Leggi le ultime sentenze su: contratto telefonico e cattivo funzionamento della rete telefonica; compagnia telefonica; disservizio linea telefonica; danno da perdita di chance; mancato funzionamento della linea telefonica dello studio; frequente caduta della linea; prova specifica dell’utente.

La linea telefonica aziendale non funziona? La compagnia telefonica risponde del danno da perdita di chance.

Contratto di utenza

Gli acquisti sostenuti dai legali per l’esercizio della professione, tra cui i testi giuridici, la stipula di una Rc professionale, l’appalto dei servizi di pulizia o la somministrazione di luce, gas e servizi telefonici per l’attività dello studio, sono da considerarsi “atti della professione” e, in quanto tali, non sono riconducibili alla normativa in favore dei consumatori. A ricordarlo è la Cassazione che ha accolto il ricorso di Wind Telecomunicazioni contro un avvocato che aveva ottenuto un risarcimento di oltre 20mila euro per il danno patrimoniale e non patrimoniale dovuto al mancato funzionamento della linea telefonica dello studio.

Per la Corte, i giudici di merito hanno errato nel non accogliere l’eccezione di incompetenza territoriale avanzata dall’operatore telefonico, ritenendo applicabile il foro del consumatore in considerazione della disparità economiche tra i due soggetti in causa. Per i giudici, invece, il contratto di utenza rientra tra gli atti professionali e, a ogni modo, le differenze economiche esistenti tra te parti di un contratto, da sole, non giustificano l’applicazione delle norme dettate per i contratti dei consumatori.

Cassazione civile sez.
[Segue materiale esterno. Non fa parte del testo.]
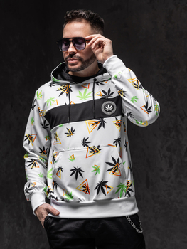 Bílá pánská mikina s kapucí a flitry Bolf HM566

III, 26/09/2018, n.22810

Prova del danno da perdita di clientela

Per il risarcimento danni da perdita di clientela già acquisita, causati da un disservizio della linea telefonica, non è utile al fine di dimostrazione la differenza di fatturazione l’allegazione delle fatture limitate al medesimo periodo dell’anno precedente rispetto a quello del disservizio con dati non omogenei, in considerazione del fatto che “gli effetti” dei danni si avranno nella fatturazione successiva a quella del disservizio, e pertanto il confronto andrebbe fatto con quella fatturazione delle annualità precedenti. La fatturazione dell’anno precedente coincidente con il disservizio non può far prova delle perdite economiche subite ai fini della sussistenza e della quantificazione.

Corte appello Napoli sez. III, 19/02/2020, n.796

Linea telefonica interrotta durante le feste 

La perduta possibilità di disporre d’un telefono funzionante durante le feste natalizie non costituisce né una ipotesi di reato, né una lesione di diritti della persona costituzionalmente garantiti: non ricorreva dunque, nella specie, alcuna delle ipotesi cui l’art. 2059 c.c..

Cassazione civile sez. VI, 13/02/2020, n.3544

Risarcimento del danno patrimoniale

Il gestore telefonico che si renda inadempiente al contratto di somministrazione con l’utente, impedendogli di fruire del servizio, è tenuto a risarcire il danno patrimoniale, inclusa la perdita di chance, quest’ultima liquidabile anche in via equitativa.

Cassazione civile sez. III, 29/01/2019, n.2358

Disagi alla linea telefonica: risarcimento

Si può escludere che il danno cosiddetto esistenziale rimanga integrato non già in presenza di uno sconvolgimento esistenziale, bensì del mero sconvolgimento dell’agenda o della mera perdita delle abitudini e dei riti propri della quotidianità della vita, e, in particolare, a fronte di meri disagi, fastidi, disappunti, ansie, stress o violazioni del diritto alla tranquillità (escluso, nella specie, il risarcimento richiesto dall’erede di un uomo che aveva subito disagi dal mancato funzionamento della linea telefonica).

Cassazione civile sez. VI, 16/11/2017, n.27229

Cattivo funzionamento della rete telefonica: prova 

In tema di contratto telefonico e cattivo funzionamento della rete telefonica, nell’ipotesi di azione per il risarcimento del danno, non è necessaria la prova cd specifica da parte del cliente professionista giacché la linea telefonica è installata presso il suo studio per il quale il collegamento telefonico e internet è di vitale importanza ai fini del contatto con la clientela.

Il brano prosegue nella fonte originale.